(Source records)
§
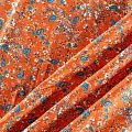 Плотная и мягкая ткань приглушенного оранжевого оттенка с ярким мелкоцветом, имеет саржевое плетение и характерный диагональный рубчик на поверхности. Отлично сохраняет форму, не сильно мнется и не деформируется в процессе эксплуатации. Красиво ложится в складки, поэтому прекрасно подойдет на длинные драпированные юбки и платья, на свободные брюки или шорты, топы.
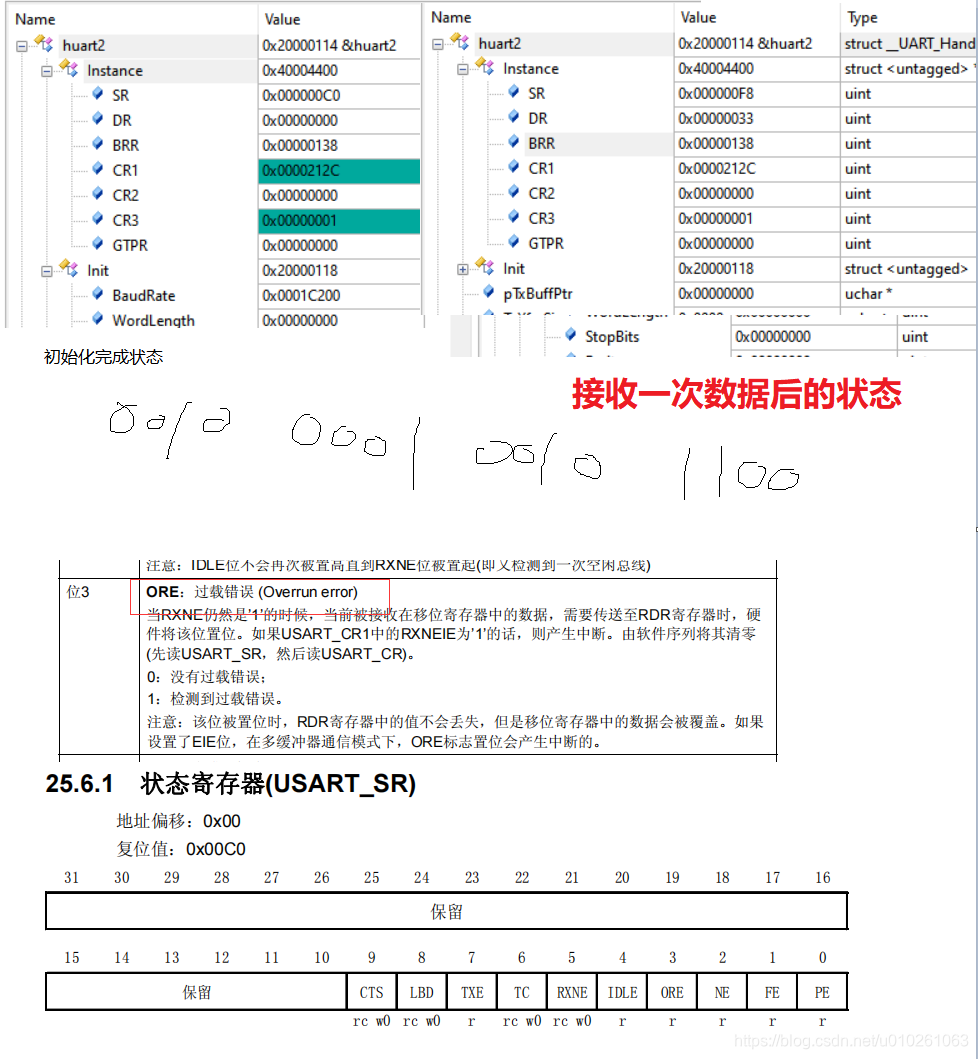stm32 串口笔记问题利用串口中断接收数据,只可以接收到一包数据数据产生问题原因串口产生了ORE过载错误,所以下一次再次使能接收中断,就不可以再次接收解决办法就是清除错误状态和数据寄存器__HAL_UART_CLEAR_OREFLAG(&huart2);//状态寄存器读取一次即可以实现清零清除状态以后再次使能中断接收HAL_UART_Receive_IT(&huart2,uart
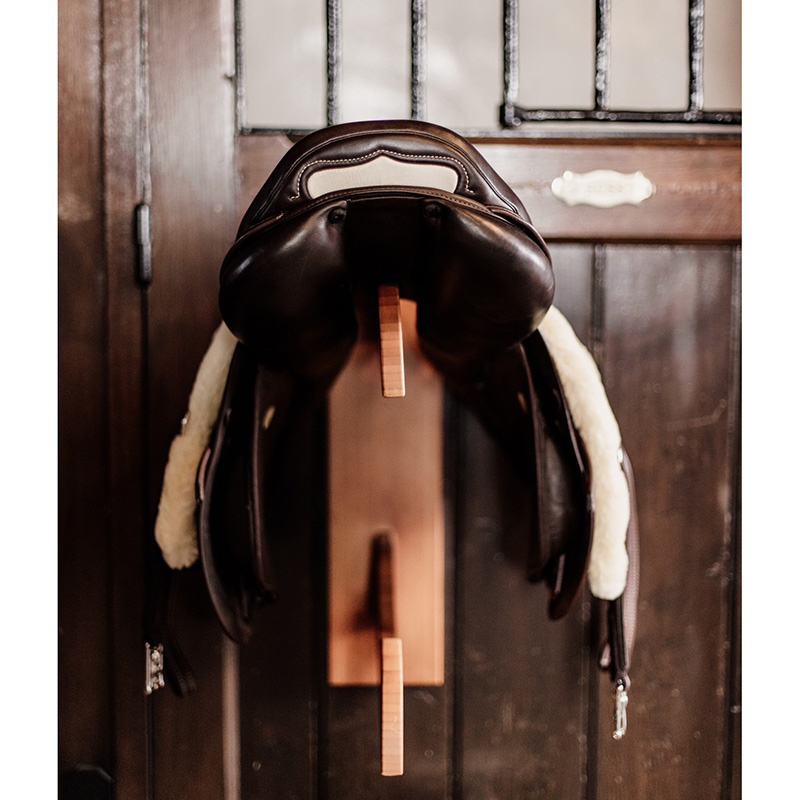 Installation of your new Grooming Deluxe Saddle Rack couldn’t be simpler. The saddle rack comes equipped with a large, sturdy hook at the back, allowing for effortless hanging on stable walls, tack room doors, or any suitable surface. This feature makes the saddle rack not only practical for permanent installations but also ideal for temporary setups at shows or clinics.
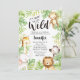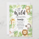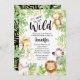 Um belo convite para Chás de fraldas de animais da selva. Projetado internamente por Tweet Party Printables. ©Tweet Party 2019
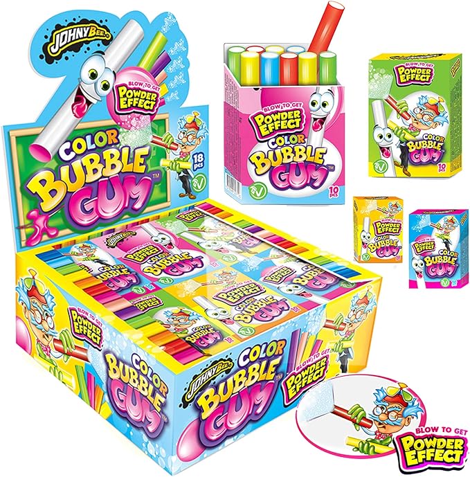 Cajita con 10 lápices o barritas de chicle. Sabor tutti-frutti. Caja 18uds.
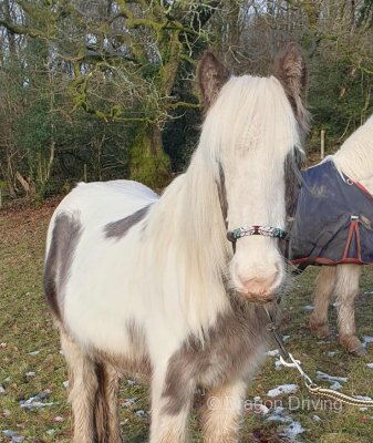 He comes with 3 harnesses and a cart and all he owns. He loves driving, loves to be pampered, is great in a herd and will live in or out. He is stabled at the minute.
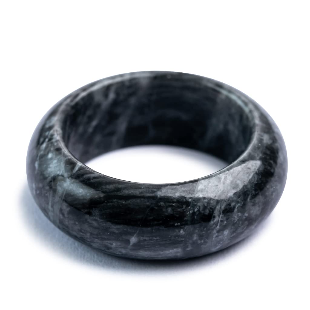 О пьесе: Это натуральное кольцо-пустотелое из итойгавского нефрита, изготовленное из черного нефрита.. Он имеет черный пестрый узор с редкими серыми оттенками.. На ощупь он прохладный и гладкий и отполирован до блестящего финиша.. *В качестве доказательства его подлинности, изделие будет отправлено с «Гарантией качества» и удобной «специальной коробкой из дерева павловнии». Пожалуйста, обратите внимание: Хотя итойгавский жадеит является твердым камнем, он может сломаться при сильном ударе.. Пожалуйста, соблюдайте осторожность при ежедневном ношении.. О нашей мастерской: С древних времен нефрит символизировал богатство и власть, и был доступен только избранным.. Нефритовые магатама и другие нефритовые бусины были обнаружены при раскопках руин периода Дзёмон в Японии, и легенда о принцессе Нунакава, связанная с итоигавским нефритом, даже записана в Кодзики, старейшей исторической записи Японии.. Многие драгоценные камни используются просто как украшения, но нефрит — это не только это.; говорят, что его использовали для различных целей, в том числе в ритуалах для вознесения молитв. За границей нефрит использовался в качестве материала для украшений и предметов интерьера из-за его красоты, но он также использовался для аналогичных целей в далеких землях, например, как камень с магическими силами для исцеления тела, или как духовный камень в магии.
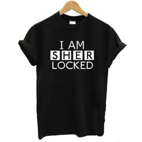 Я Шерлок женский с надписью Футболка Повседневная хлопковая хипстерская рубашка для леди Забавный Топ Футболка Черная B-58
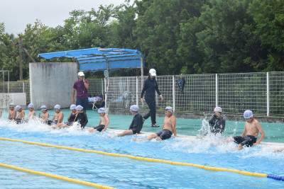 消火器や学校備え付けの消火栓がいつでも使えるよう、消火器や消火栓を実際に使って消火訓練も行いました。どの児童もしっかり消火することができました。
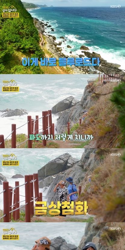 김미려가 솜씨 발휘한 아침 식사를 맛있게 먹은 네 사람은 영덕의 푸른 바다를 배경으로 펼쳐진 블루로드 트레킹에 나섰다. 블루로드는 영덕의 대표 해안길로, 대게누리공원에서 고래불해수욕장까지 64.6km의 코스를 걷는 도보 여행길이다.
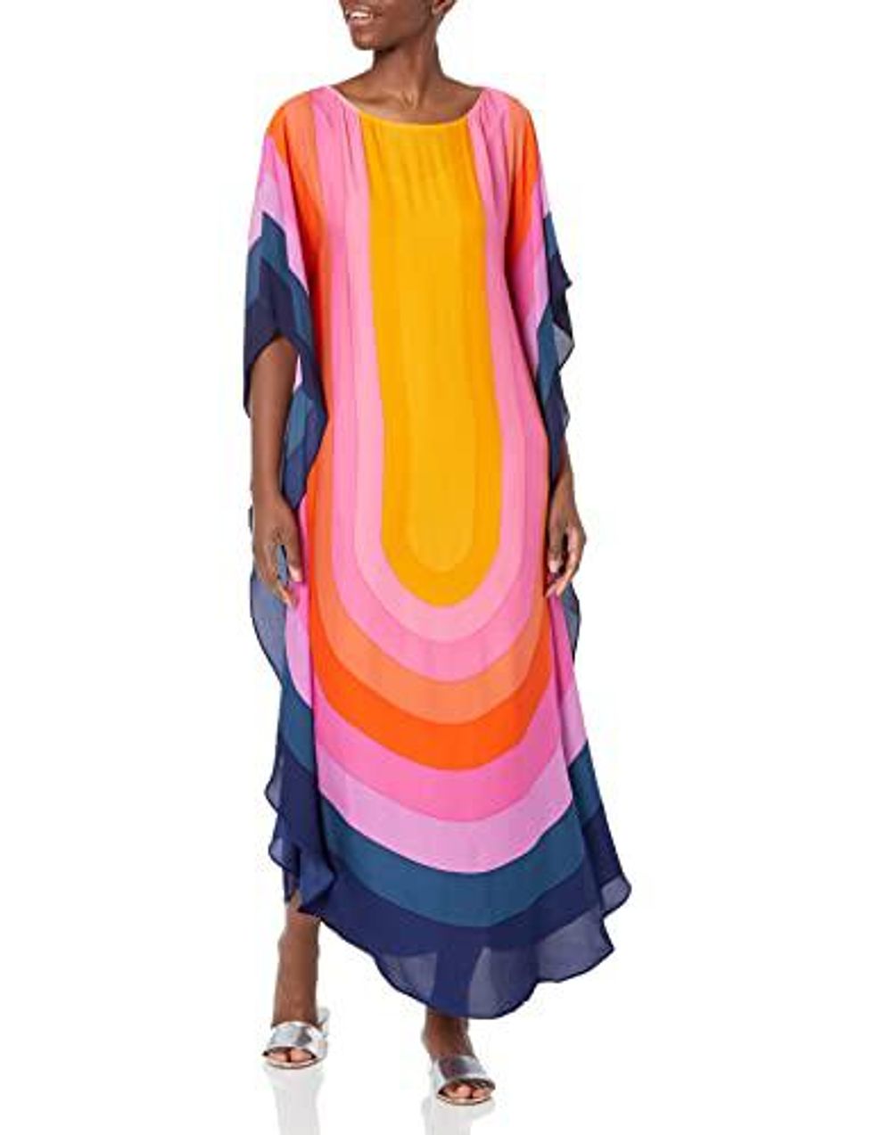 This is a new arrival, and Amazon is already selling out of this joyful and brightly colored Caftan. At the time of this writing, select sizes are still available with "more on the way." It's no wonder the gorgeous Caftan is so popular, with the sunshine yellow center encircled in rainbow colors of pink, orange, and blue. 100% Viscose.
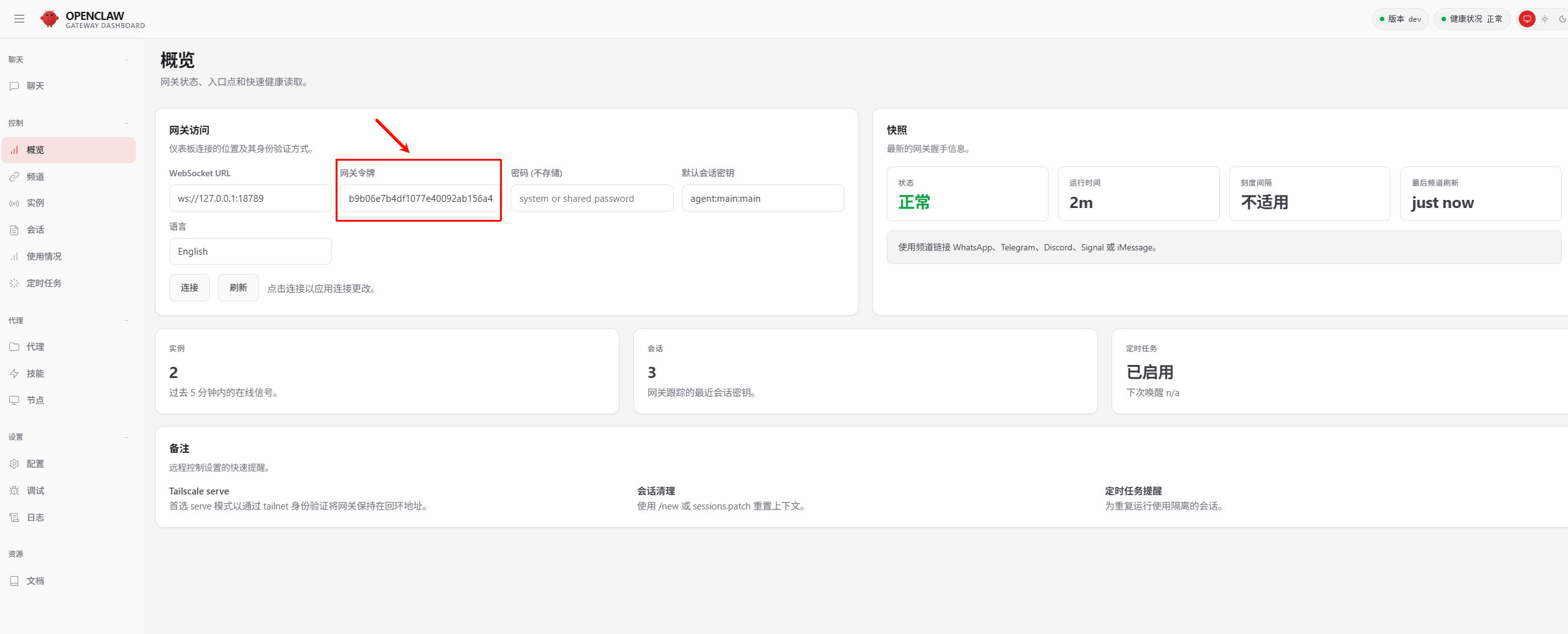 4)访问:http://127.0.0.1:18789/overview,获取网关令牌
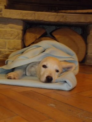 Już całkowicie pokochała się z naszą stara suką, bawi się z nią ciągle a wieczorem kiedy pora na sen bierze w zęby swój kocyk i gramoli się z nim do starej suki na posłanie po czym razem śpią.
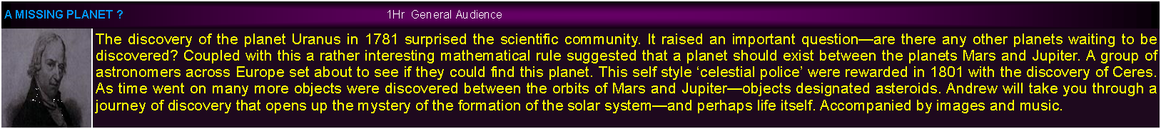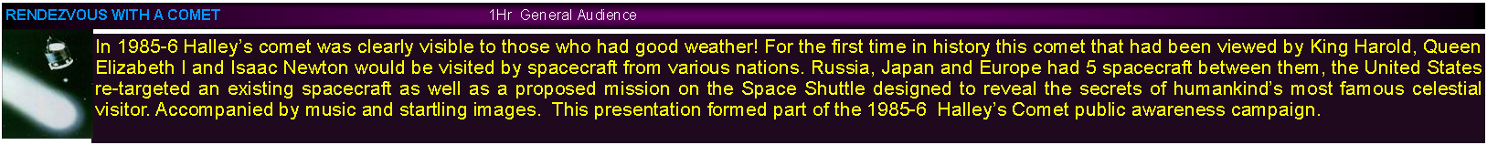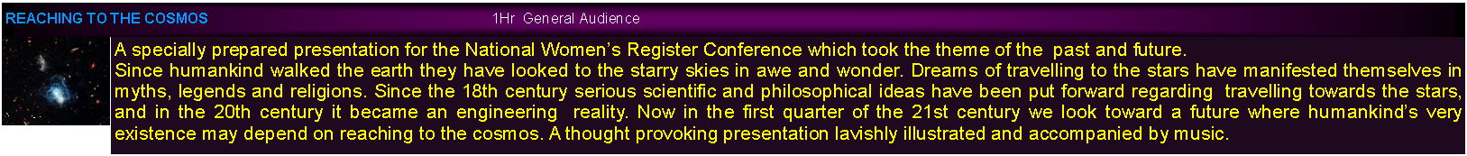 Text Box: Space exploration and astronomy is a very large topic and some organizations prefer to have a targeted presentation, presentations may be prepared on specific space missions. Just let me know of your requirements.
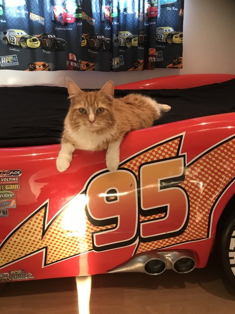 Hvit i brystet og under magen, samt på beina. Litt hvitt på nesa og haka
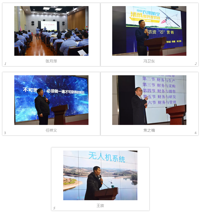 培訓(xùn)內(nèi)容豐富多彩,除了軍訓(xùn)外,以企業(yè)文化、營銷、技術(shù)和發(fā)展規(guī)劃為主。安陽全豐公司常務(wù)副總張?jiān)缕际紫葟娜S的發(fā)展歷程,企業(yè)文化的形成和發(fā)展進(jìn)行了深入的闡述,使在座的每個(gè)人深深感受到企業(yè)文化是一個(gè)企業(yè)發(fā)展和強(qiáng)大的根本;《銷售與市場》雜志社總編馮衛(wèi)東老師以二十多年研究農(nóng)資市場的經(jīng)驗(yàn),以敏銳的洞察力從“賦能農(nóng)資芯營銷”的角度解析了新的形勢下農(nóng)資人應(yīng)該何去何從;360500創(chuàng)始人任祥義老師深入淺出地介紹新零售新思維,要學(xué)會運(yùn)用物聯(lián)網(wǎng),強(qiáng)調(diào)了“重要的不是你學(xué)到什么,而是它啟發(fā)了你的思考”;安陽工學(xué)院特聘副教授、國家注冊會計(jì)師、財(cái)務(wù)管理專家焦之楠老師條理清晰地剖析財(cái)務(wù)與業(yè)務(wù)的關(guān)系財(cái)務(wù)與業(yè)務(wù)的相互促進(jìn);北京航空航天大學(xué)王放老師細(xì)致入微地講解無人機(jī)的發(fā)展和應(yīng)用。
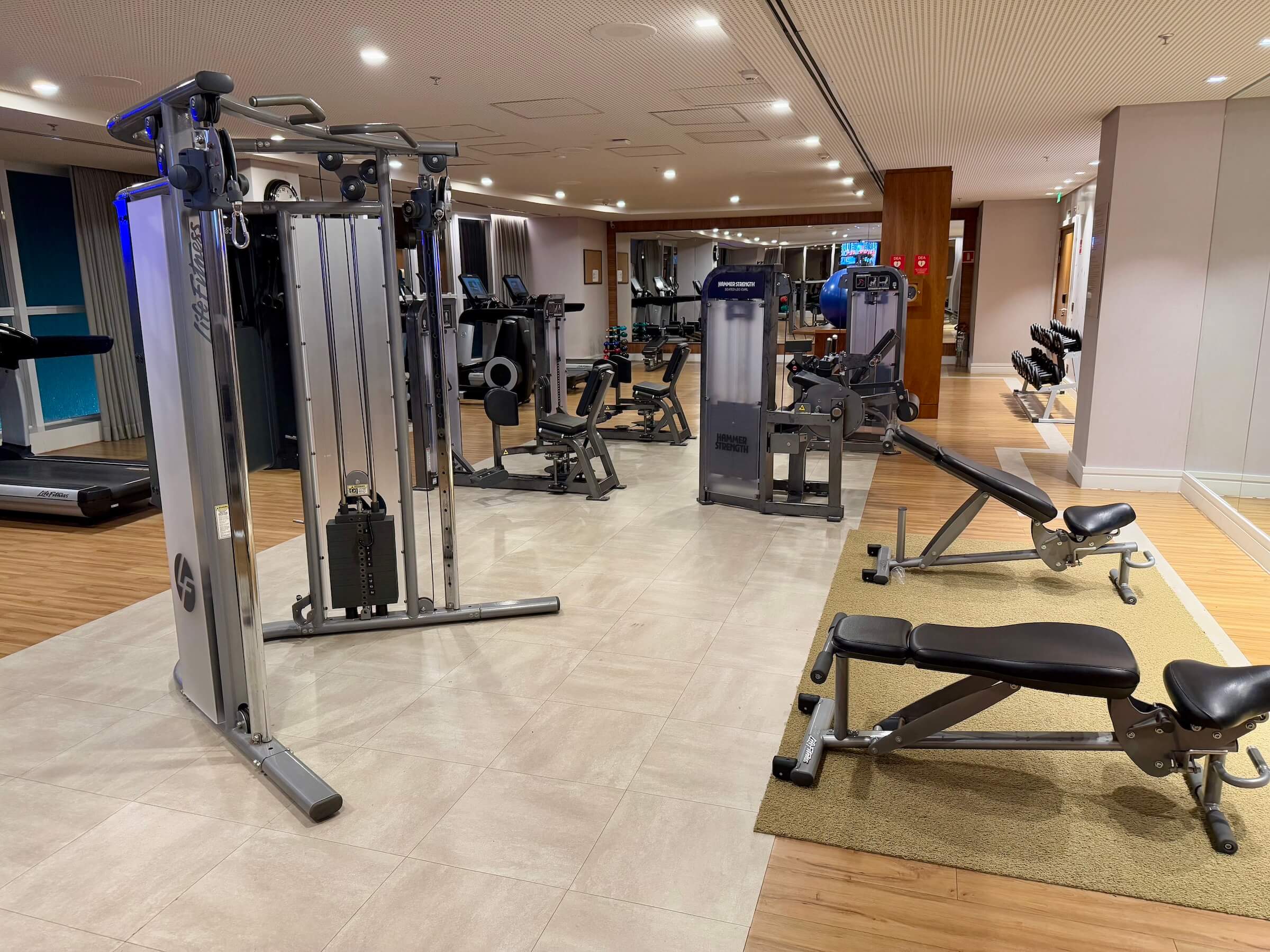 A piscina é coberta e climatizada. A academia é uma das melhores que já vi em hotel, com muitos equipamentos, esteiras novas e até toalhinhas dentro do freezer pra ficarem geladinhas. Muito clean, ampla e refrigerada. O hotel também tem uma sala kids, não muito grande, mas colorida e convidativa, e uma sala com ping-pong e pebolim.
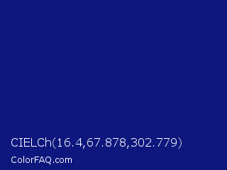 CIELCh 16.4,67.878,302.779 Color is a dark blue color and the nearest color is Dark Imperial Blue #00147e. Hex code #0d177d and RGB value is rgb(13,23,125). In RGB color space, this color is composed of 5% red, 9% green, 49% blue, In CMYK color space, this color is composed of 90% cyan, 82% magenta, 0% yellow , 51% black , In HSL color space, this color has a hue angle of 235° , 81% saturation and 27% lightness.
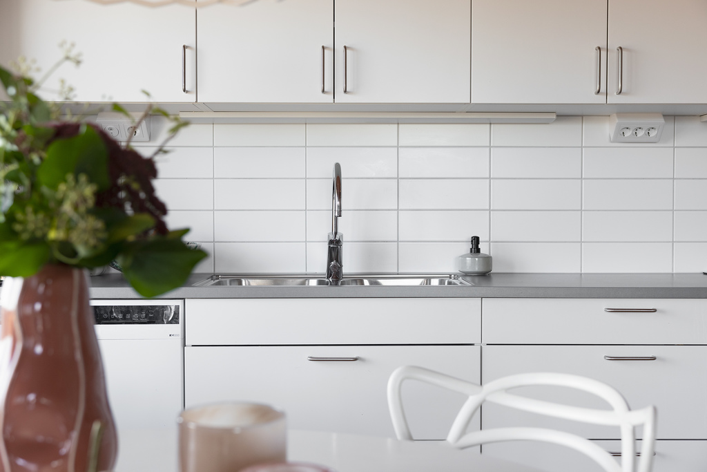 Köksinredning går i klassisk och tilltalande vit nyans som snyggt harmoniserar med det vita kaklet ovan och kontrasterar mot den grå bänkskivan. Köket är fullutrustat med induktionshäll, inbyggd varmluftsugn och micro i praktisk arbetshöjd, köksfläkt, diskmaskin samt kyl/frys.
§
## WORK TASK
Output only the lines above from the one containing "김미려가 솜씨 발휘한" to the one containing "培訓(xùn)內(nèi)容", both included, exactly as written and with no pictures.

## OUTPUT OF THE TASK
 김미려가 솜씨 발휘한 아침 식사를 맛있게 먹은 네 사람은 영덕의 푸른 바다를 배경으로 펼쳐진 블루로드 트레킹에 나섰다. 블루로드는 영덕의 대표 해안길로, 대게누리공원에서 고래불해수욕장까지 64.6km의 코스를 걷는 도보 여행길이다.
 This is a new arrival, and Amazon is already selling out of this joyful and brightly colored Caftan. At the time of this writing, select sizes are still available with "more on the way." It's no wonder the gorgeous Caftan is so popular, with the sunshine yellow center encircled in rainbow colors of pink, orange, and blue. 100% Viscose.
 4)访问:http://127.0.0.1:18789/overview,获取网关令牌
 Już całkowicie pokochała się z naszą stara suką, bawi się z nią ciągle a wieczorem kiedy pora na sen bierze w zęby swój kocyk i gramoli się z nim do starej suki na posłanie po czym razem śpią.
 Text Box: Space exploration and astronomy is a very large topic and some organizations prefer to have a targeted presentation, presentations may be prepared on specific space missions. Just let me know of your requirements.
 Hvit i brystet og under magen, samt på beina. Litt hvitt på nesa og haka
 培訓(xùn)內(nèi)容豐富多彩,除了軍訓(xùn)外,以企業(yè)文化、營銷、技術(shù)和發(fā)展規(guī)劃為主。安陽全豐公司常務(wù)副總張?jiān)缕际紫葟娜S的發(fā)展歷程,企業(yè)文化的形成和發(fā)展進(jìn)行了深入的闡述,使在座的每個(gè)人深深感受到企業(yè)文化是一個(gè)企業(yè)發(fā)展和強(qiáng)大的根本;《銷售與市場》雜志社總編馮衛(wèi)東老師以二十多年研究農(nóng)資市場的經(jīng)驗(yàn),以敏銳的洞察力從“賦能農(nóng)資芯營銷”的角度解析了新的形勢下農(nóng)資人應(yīng)該何去何從;360500創(chuàng)始人任祥義老師深入淺出地介紹新零售新思維,要學(xué)會運(yùn)用物聯(lián)網(wǎng),強(qiáng)調(diào)了“重要的不是你學(xué)到什么,而是它啟發(fā)了你的思考”;安陽工學(xué)院特聘副教授、國家注冊會計(jì)師、財(cái)務(wù)管理專家焦之楠老師條理清晰地剖析財(cái)務(wù)與業(yè)務(wù)的關(guān)系財(cái)務(wù)與業(yè)務(wù)的相互促進(jìn);北京航空航天大學(xué)王放老師細(xì)致入微地講解無人機(jī)的發(fā)展和應(yīng)用。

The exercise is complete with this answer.